INPUT DATA
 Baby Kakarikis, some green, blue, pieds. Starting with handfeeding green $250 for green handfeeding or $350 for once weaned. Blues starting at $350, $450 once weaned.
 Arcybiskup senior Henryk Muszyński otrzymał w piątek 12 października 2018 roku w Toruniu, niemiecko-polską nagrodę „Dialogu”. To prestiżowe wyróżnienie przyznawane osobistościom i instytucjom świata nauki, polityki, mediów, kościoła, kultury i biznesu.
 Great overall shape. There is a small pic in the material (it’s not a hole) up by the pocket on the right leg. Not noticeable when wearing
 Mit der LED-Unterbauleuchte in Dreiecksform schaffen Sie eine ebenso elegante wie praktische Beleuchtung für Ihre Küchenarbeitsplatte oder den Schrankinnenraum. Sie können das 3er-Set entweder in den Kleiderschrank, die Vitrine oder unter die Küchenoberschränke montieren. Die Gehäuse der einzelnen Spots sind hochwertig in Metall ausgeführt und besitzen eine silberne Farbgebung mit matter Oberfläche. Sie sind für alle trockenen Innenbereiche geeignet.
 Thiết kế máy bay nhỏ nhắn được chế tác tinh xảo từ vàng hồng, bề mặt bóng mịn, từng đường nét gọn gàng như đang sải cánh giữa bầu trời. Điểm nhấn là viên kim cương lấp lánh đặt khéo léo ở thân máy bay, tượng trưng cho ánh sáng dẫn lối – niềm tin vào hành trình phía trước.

==

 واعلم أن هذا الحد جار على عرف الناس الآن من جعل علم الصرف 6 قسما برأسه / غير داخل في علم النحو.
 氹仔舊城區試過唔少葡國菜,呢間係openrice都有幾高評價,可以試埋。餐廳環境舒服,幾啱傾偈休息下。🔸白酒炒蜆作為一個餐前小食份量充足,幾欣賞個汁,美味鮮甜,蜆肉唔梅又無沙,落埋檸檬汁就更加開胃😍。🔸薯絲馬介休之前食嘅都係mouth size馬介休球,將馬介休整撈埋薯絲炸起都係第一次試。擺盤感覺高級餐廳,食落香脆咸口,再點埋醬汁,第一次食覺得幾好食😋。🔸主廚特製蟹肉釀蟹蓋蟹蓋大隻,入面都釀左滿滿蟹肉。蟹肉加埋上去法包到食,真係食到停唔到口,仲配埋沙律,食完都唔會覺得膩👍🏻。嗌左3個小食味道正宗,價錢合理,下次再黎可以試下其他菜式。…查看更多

WHAT YOU ARE ASKED TO DO
Could you repeat exactly the lines in the listing above from the one with "Arcybiskup senior Henryk" down to the one with "Thiết kế máy"? Include both of those lines.

SOLUTION TO THIS PROBLEM
 Arcybiskup senior Henryk Muszyński otrzymał w piątek 12 października 2018 roku w Toruniu, niemiecko-polską nagrodę „Dialogu”. To prestiżowe wyróżnienie przyznawane osobistościom i instytucjom świata nauki, polityki, mediów, kościoła, kultury i biznesu.
 Great overall shape. There is a small pic in the material (it’s not a hole) up by the pocket on the right leg. Not noticeable when wearing
 Mit der LED-Unterbauleuchte in Dreiecksform schaffen Sie eine ebenso elegante wie praktische Beleuchtung für Ihre Küchenarbeitsplatte oder den Schrankinnenraum. Sie können das 3er-Set entweder in den Kleiderschrank, die Vitrine oder unter die Küchenoberschränke montieren. Die Gehäuse der einzelnen Spots sind hochwertig in Metall ausgeführt und besitzen eine silberne Farbgebung mit matter Oberfläche. Sie sind für alle trockenen Innenbereiche geeignet.
 Thiết kế máy bay nhỏ nhắn được chế tác tinh xảo từ vàng hồng, bề mặt bóng mịn, từng đường nét gọn gàng như đang sải cánh giữa bầu trời. Điểm nhấn là viên kim cương lấp lánh đặt khéo léo ở thân máy bay, tượng trưng cho ánh sáng dẫn lối – niềm tin vào hành trình phía trước.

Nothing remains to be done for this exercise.